**AIM OF THE TASK**: All of the listing is to be written out word for word, with the pictures left out.

**SOURCE MATERIAL**:
* * * * *
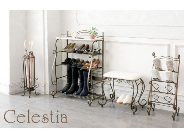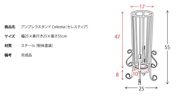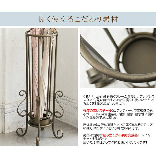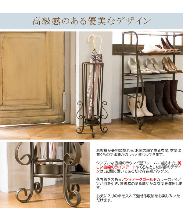 曲線をあしらった装飾の洗練されたデザイン、心地よさを醸し出すアンティークゴールドが人気の『Celestia(セレスティア)』シリーズの、アンブレラスタンド。
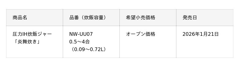 象印マホービン株式会社は、複数に分割した底IHヒーターの出力を上げることで、更なるおいしさを実現した、コンパクトながら4合まで炊飯できる圧力IH炊飯ジャー「炎舞炊き」(NW-UU07)を2026年1月21日より発売いたします。
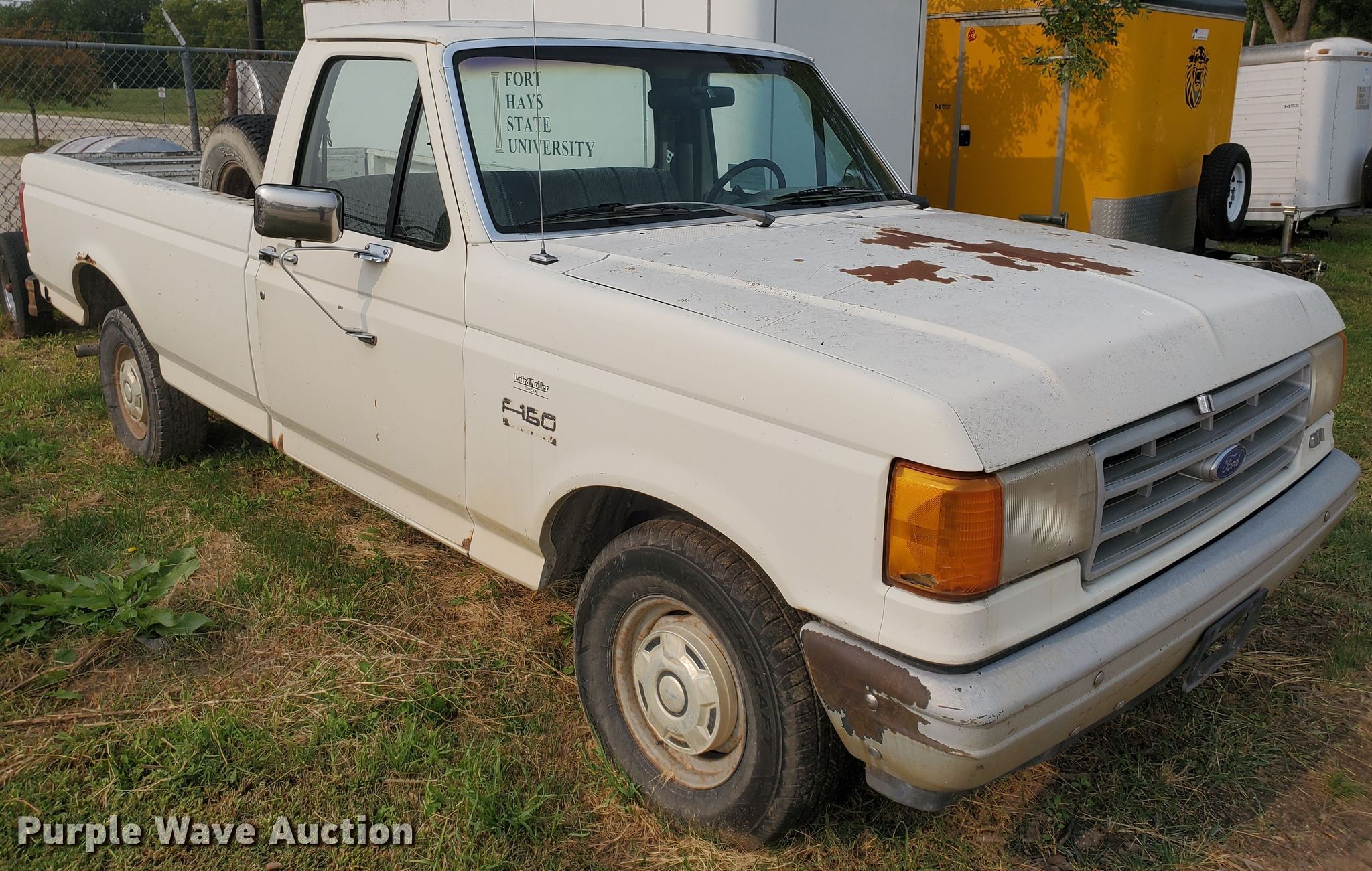 1990 Ford F150 Custom pickup truck. 159,794 miles on odometer. Engine Displacement: 4.9L L6 OHV 12V, Cylinders: 6, Fuel type: Gas. Transmission Automatic. Interior AC, Heat. Tires Size: 235/75R15. Notes Dash warning indicator: Check engine. Kansas title. Title distribution may be delayed up to 30 days from verification of funds. 1FTEF15Y8LKA97661. Fort Hays State University. 600 Park St. Hays, KS 67601
* * * * *
**SOLUTION FOR THIS EXERCISE**:
 曲線をあしらった装飾の洗練されたデザイン、心地よさを醸し出すアンティークゴールドが人気の『Celestia(セレスティア)』シリーズの、アンブレラスタンド。
 象印マホービン株式会社は、複数に分割した底IHヒーターの出力を上げることで、更なるおいしさを実現した、コンパクトながら4合まで炊飯できる圧力IH炊飯ジャー「炎舞炊き」(NW-UU07)を2026年1月21日より発売いたします。
 1990 Ford F150 Custom pickup truck. 159,794 miles on odometer. Engine Displacement: 4.9L L6 OHV 12V, Cylinders: 6, Fuel type: Gas. Transmission Automatic. Interior AC, Heat. Tires Size: 235/75R15. Notes Dash warning indicator: Check engine. Kansas title. Title distribution may be delayed up to 30 days from verification of funds. 1FTEF15Y8LKA97661. Fort Hays State University. 600 Park St. Hays, KS 67601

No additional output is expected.